Arne Slot’s dismissal was less a shock than an inevitability. Liverpool’s hierarchy, initially reluctant to move on from a recent title-winning coach, eventually reached the same conclusion as the supporters: persisting with a manager they no longer trusted would have been the greater gamble.
Slot’s first season, crowned by a Premier League triumph, had seemed to justify the club’s decision to pivot from the Jurgen Klopp era with evolution rather than revolution. His tweaks to the pressing structure and possession play extracted more from the squad Klopp left behind and even coaxed a late flourish from Mohamed Salah. But the subsequent collapse, culminating in Liverpool’s lowest points total in a decade, shattered the illusion of steady progress.
Context offers mitigation but not absolution. The emotional shock of Diogo Jota’s death, the disruption of a lavish but disjointed recruitment drive, and the drawn-out Salah contract saga all weighed heavily. Big-money arrivals such as Alexander Isak and Florian Wirtz failed to replace the incision of Luis Diaz.

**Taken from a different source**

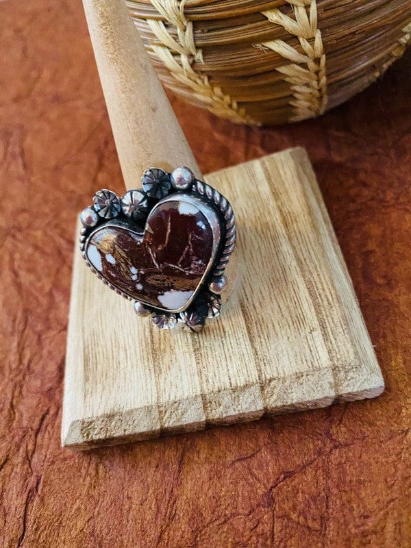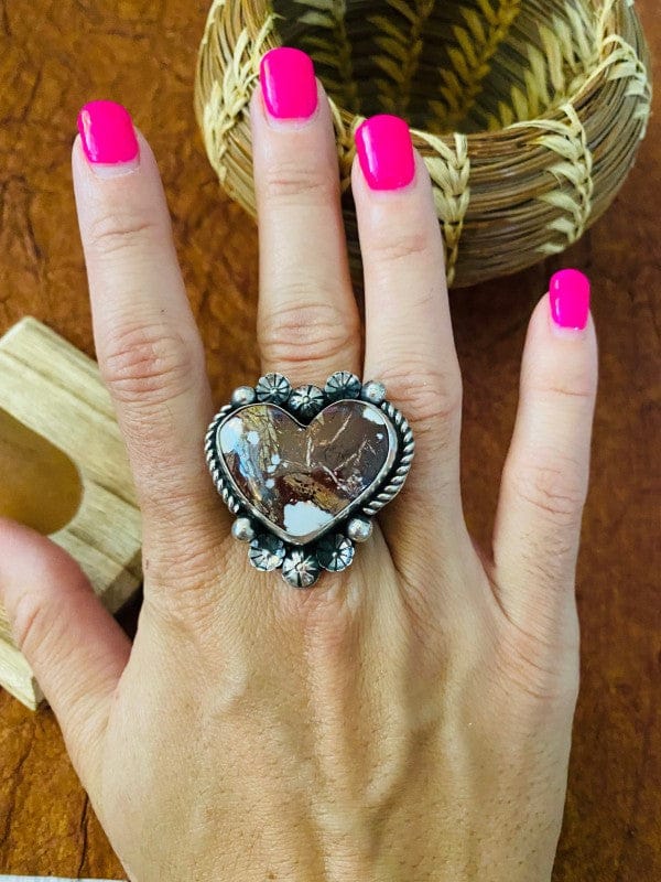 Beautiful Sterling Silver & Wild Horse Heart Ring. Measuring 1 3/8 inches long aneed wide. Beautiful statement ring. Signed by the artist and stamped Sterling.

Slot, though, never found convincing solutions. His public briefings, heavy on explanations about injuries, referees and scheduling, began to sound like a catalogue of excuses rather than a roadmap out of trouble.
Supporters, and increasingly players, sensed standards slipping. The football grew slower, more sterile, a long way from the “heavy metal” identity that had defined Liverpool at their peak. Salah’s pointed call for a return to that aggressive, front-foot style crystallised the mood. The club could not risk drifting into another season with a manager whose vision no longer aligned with Anfield’s expectations.
Enter Andoni Iraola, the bold, if hazardous, corrective. At Bournemouth, his teams have embodied the kind of intensity Liverpool fans crave. They press high, sprint relentlessly and attack with direct purpose. Statistical markers underline the fit: Bournemouth have led the league in sprints and direct attacks under Iraola, precisely the areas where Liverpool regressed under Slot.
Yet this is no risk-free appointment. Iraola has never managed a club with Liverpool’s profile or schedule. His high-octane style has been tested over 40-game seasons, not the 55-plus grind that comes with Champions League commitments and deep domestic runs. The question is whether his approach can survive, or be smartly adapted, under that strain.
Still, for Liverpool’s decision-makers, the calculation is clear. Returning to a more ferocious, proactive identity, even under a relatively unproven coach, feels less perilous than persisting with a model that had drained belief from the stands and the dressing room. Iraola represents risk. Allowing Slot to continue looked like stagnation.